• [ABOUT THIS EXERCISE]: Would you retype exactly the lines below, starting with the one that has "Quintilla is going" and going on through the one that has "வேலூர் கோட்டையில் உள்ள", with no pictures and nothing else?

(EXTRACTED RECORDS begins)

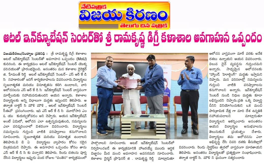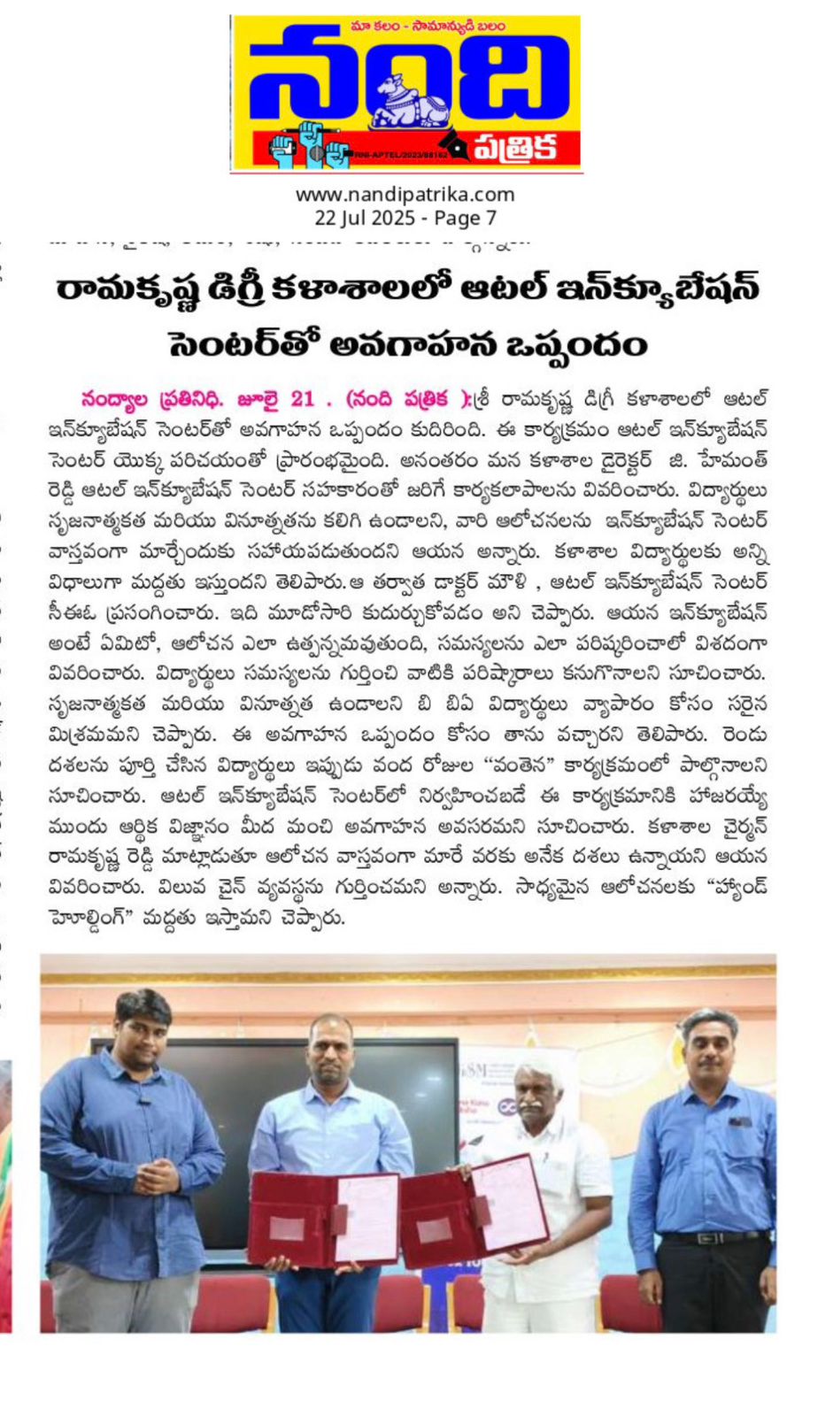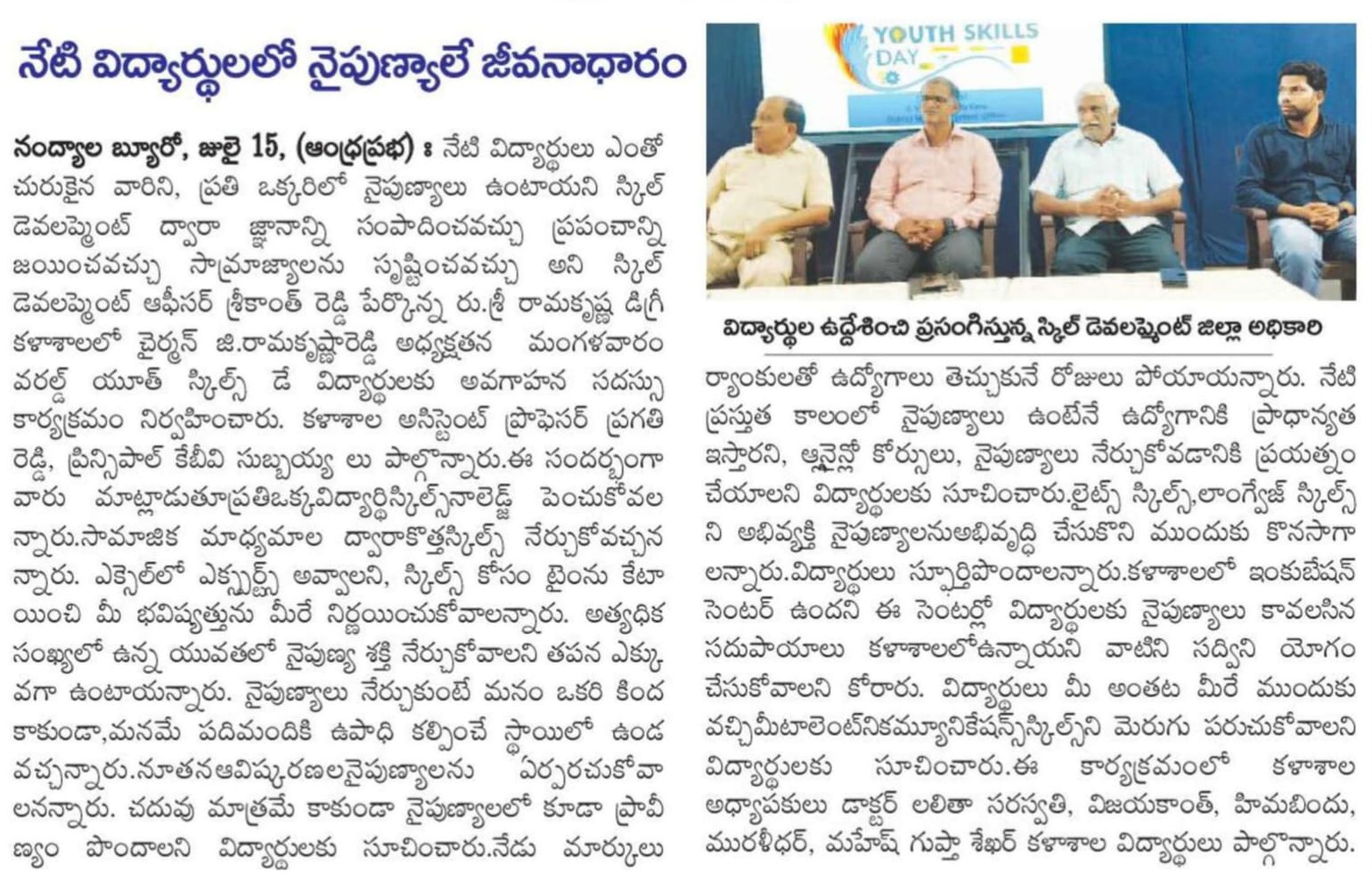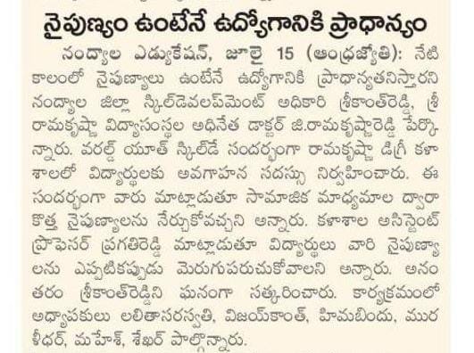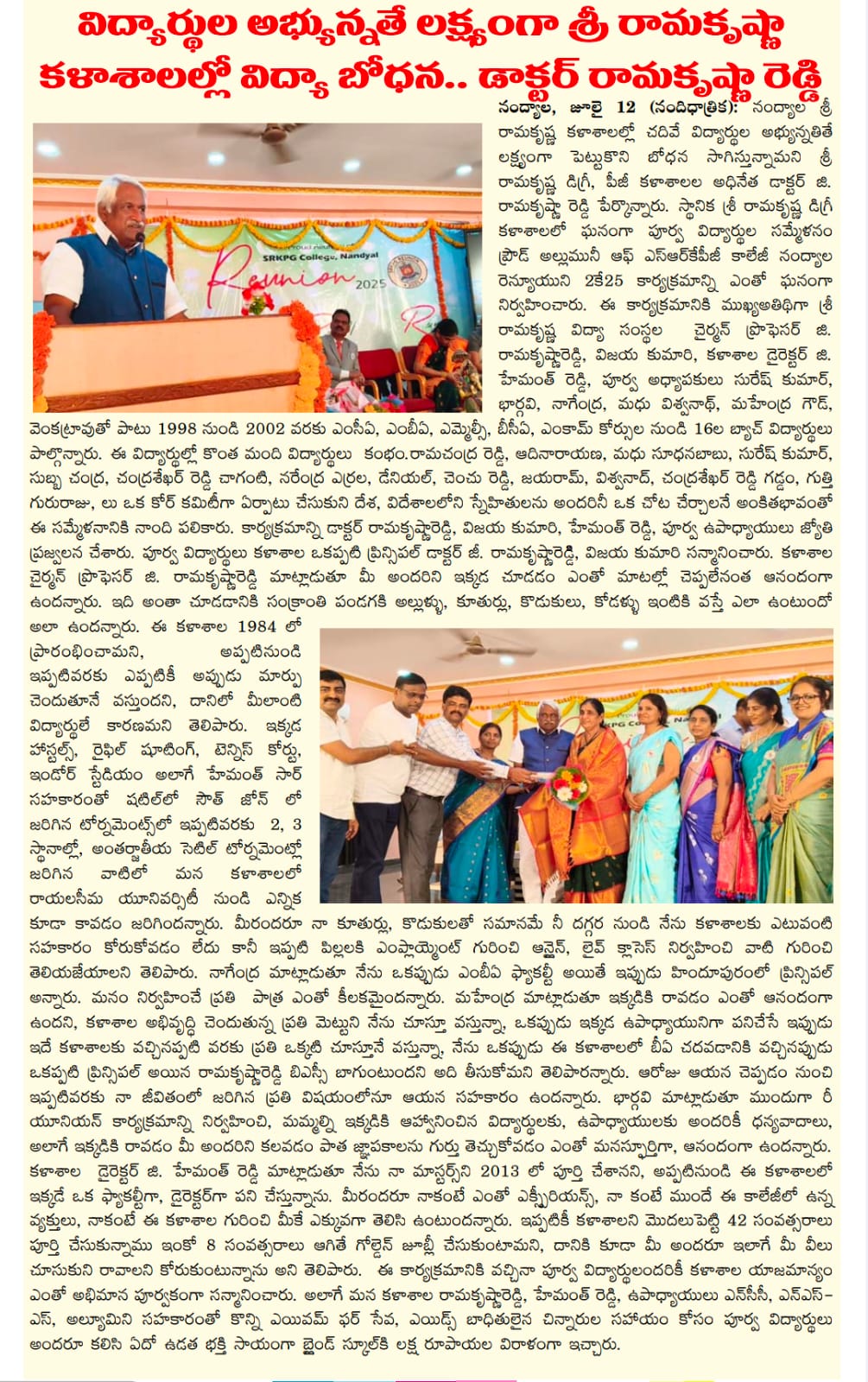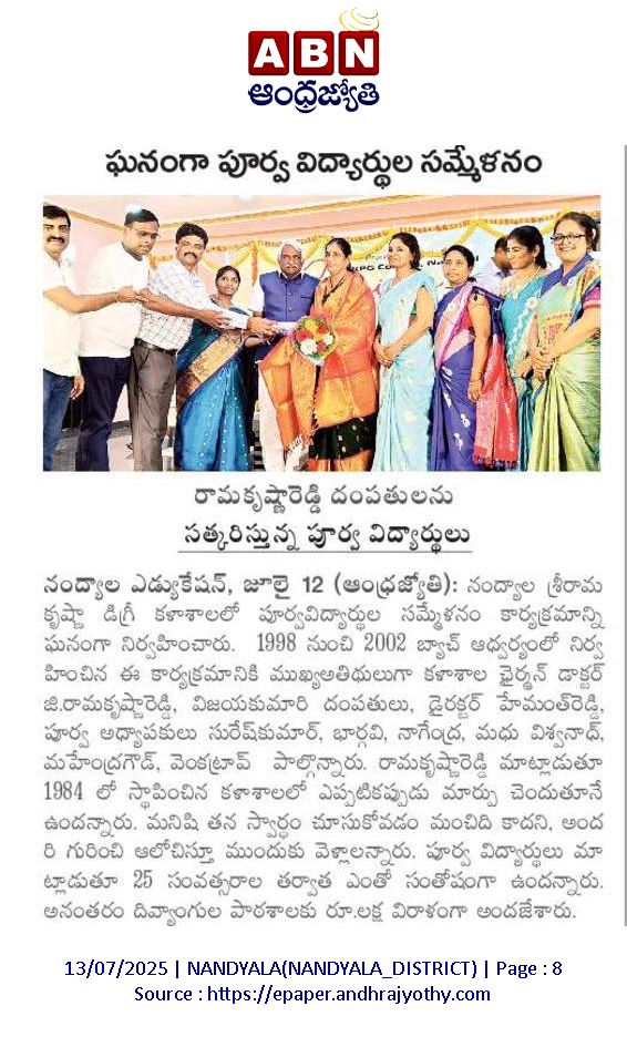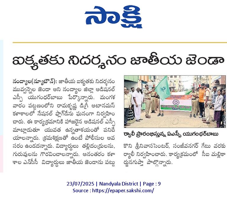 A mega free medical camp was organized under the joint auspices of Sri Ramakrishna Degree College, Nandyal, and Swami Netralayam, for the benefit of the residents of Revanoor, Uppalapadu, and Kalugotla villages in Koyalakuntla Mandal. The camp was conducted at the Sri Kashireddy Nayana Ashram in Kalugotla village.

(EXTRACTED RECORDS ends)
(EXTRACTED RECORDS begins)

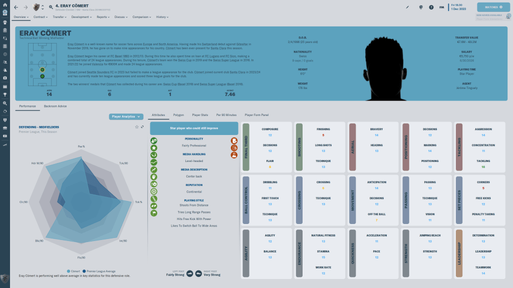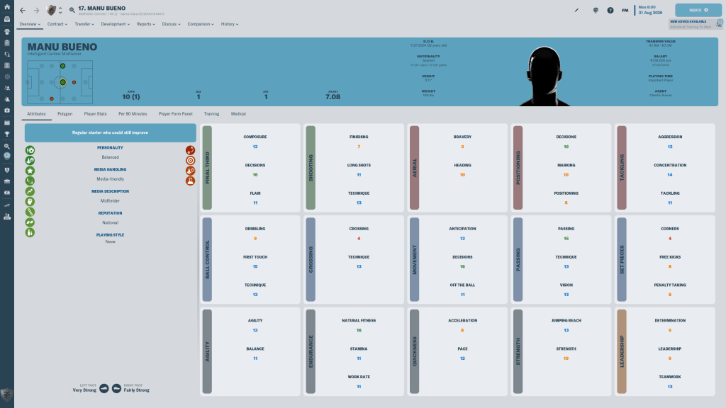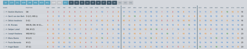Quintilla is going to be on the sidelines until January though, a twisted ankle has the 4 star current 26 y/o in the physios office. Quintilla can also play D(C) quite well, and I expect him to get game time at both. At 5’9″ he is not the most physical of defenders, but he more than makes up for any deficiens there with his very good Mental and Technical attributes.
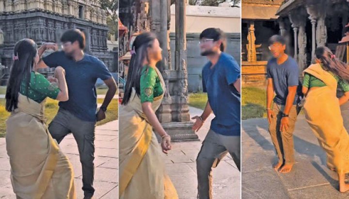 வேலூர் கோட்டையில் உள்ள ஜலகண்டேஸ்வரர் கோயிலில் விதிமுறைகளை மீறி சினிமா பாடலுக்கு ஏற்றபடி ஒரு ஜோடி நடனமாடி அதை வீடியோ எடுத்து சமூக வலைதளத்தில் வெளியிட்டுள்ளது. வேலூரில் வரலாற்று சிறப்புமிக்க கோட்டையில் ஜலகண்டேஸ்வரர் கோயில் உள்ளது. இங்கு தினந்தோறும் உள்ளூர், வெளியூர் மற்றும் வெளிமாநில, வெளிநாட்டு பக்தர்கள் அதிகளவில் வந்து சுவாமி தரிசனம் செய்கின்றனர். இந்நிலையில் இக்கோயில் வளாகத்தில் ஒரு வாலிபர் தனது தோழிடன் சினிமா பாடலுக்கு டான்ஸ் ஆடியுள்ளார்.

(EXTRACTED RECORDS ends)

• [EXERCISE ANSWER]:
Quintilla is going to be on the sidelines until January though, a twisted ankle has the 4 star current 26 y/o in the physios office. Quintilla can also play D(C) quite well, and I expect him to get game time at both. At 5’9″ he is not the most physical of defenders, but he more than makes up for any deficiens there with his very good Mental and Technical attributes.
 வேலூர் கோட்டையில் உள்ள ஜலகண்டேஸ்வரர் கோயிலில் விதிமுறைகளை மீறி சினிமா பாடலுக்கு ஏற்றபடி ஒரு ஜோடி நடனமாடி அதை வீடியோ எடுத்து சமூக வலைதளத்தில் வெளியிட்டுள்ளது. வேலூரில் வரலாற்று சிறப்புமிக்க கோட்டையில் ஜலகண்டேஸ்வரர் கோயில் உள்ளது. இங்கு தினந்தோறும் உள்ளூர், வெளியூர் மற்றும் வெளிமாநில, வெளிநாட்டு பக்தர்கள் அதிகளவில் வந்து சுவாமி தரிசனம் செய்கின்றனர். இந்நிலையில் இக்கோயில் வளாகத்தில் ஒரு வாலிபர் தனது தோழிடன் சினிமா பாடலுக்கு டான்ஸ் ஆடியுள்ளார்.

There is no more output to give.